Сережа смотрит на нее с отчаянием и переводит взгляд на меня: как же теперь? Ты же обещал!

— Тома, возьми тогда три билета, — говорю я, делая вид, что ничего особенного не случилось, только голос сел, стал сиплым. Сережа повеселел, но восторга уже не выказывает.

— Как же ты думаешь ехать в цирк, ты же еле ходишь? — чтобы как-то оправдать свой отказ, говорит Дина. Но прозвучало это не как забота, а как «сидел бы уж, не рыпался».

— Туда доеду, хватит сил. А обратно — как придется, — отвечаю сухо, давая понять, что отговаривать меня бесполезно Смотрю Дине в глаза и продолжаю старательно, внятно: — Я хочу еще раз сводить его в цирк.

Однажды Нина-Люкс спросила, умею ли я хоть сердитым быть. А если бы она увидела меня теперь, то впору было бы спросить, умею ли я быть веселым, умею ли хоть улыбаться. Я бываю самим собой, лишь когда остаюсь один или бываю с Сергеем, а с приходом всегда раздраженной Дины все в доме словно покрывается изморозью: слова выдавливаются редко и неохотно, точно каждый боится тратить лишнее тепло, губы деревенеют. Даже свободных движений делать избегаем, чтобы холод в душу не пробрался, все ходят нахохлившись. Тепло для сердца дают воспоминания. Не будь у меня воспоминаний и сына, где бы силы брал я, чтобы бороться?.. Опять мне снится по ночам застава, пограничное училище, Ваня Истомин… Часто снится один и тот же сон. Застава поднята по тревоге, пограничники на галопе уносятся в темень, а я после перенесенных операций никак не могу сесть на коня. Подходит Ваня, кладет руку мне на плечо: «Макар, будь здесь, все равно на заставе кто-то должен оставаться». И я вынужден остаться.

4

Сережа пригласил меня с Диной на елку. Дина пойти не может: ей на работу. А я решил как-нибудь добраться. Кто знает, может, никогда больше не придется увидеть Сережку на елке.

В зале уже много родителей. Их рассаживают на детских стульчиках. Вижу на стенах свои рисунки: Волк с палкой, Медведь в шубе, Заяц в рубашке горошком и штанишках — герои из «Колобка». Это Сергей похвастался, что папа умеет рисовать, вот и пришлось поработать.

Дети в белых костюмчиках, колпаках и жабо. Появляются Дед Мороз и Снегурочка, их встречают восторженным визгом. Ребятишки рассказывают у елки стишки. И вот воспитательница объявляет:

— В заключение Сережа Овчаров прочитает стихотворение, которое написал для него папа.
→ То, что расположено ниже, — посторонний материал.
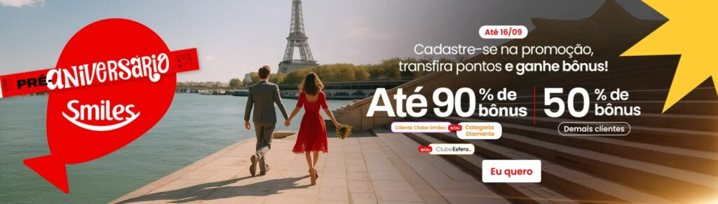 · Necessário possuir cadastro no programa de Fidelidade da Smiles, com a conta em situação regular e realizar cadastro do CPF na promoção através do link: www.smiles.com.br/portal/clube-smiles-day/bancos-esfera-ate-90-pc-bonus antes de realizar a transferência para garantir a bonificação.
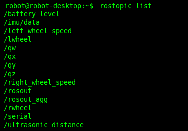 如果您看到任何主题,则设置完成。 我们首先可以使用键盘遥控操作机器人,以检查机器人的功能并确认是否获得传感器值。
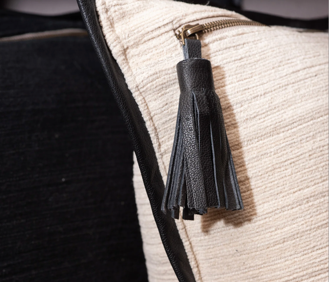 Crafted from heavyweight ribbed cotton chenille, this pillow is bordered with supple sheep leather for a refined, classic look. A chunky metal zipper and oversized leather tassel add a modern edge, blending timeless texture with contemporary detail. Both stylish and versatile, it’s a statement accent that elevates any space.
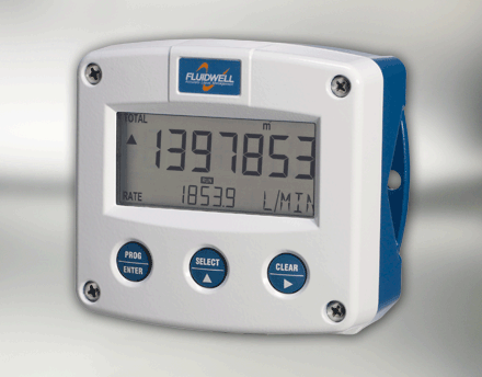 - Fluidwell F012 Flow rate indicator / totalizer displays flow rate and total simultaneously
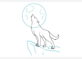 关于动物、狼的简笔画,可爱的嚎叫的狼简笔画教程。
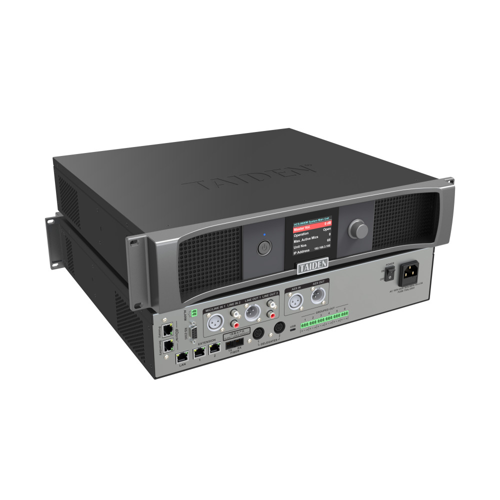 Unidad Central Digital para serie 8600 (VOZ, VOTACIÓN, TRADUCCIÓN 64ch). Conexión fibra óptica Mono-Modo, Entradas y Salidas AES/EBU, Interface DANTE, salida Mic Group. 2U rack.

К елке выходит Сергей. Он весело оглядывает всех родителей, находит глазами меня. Я подмигиваю: не робей! Он звонко объявляет:

— «Елка на заставе!»

Он читает стихотворение о том, как старшина принес две елки: одну для солдат, а другую для него — мальчика, живущего на заставе. С папой и мамой они наряжали эту елку. Потом весь вечер мальчик с нетерпением выглядывал в окно: не идет ли Новый год? — о котором папа рассказывал ему столько необыкновенного:

Я знаю от папы,

Что к нам Новый год

Сегодня с востока,

С Чукотки придет.

Он гость в каждом доме

И в каждой стране,

Он точен, как эти

Часы на стене.

Он гость даже здесь,

На заставе у нас,

Хотя и нарушил

Границу сейчас.

Пограничный наряд

Не сказал ему: «Стой!»

А руку к ушанке:

«Прошу, дорогой!»

Сергей лихо козыряет и широким гостеприимным жестом приглашает воображаемый Новый год проходить.

Спеши, торопись

И не мешкай в пути! —

кричит Сережа, как в лесу, вслед «удаляющемуся» Новому году, —

Ведь должен ты за ночь

Всех-всех обойти!

Не зря мы трудились две недели, разучивая стихотворение!

А ребятишки уже водят вокруг елки хоровод. Сережа выгодно выделяется среди них, он, как молодой конек, высоко поднимает колени, носочки оттягивает. Слышу голоса:

— Смотрите, вон тот мальчик…

— Какой молодец.

— А фигура как у спортсмена.

Воспитательница шепчет мне:

— Хороший у вас сын. Каждый день показывает ребятишкам новые упражнения. Делает мостик, стойку, ходит на руках, говорит, это папа его научил. Буду, говорит, сильным и закаленным, я, говорит, каждое утро делаю зарядку и обтираюсь мокрым полотенцем.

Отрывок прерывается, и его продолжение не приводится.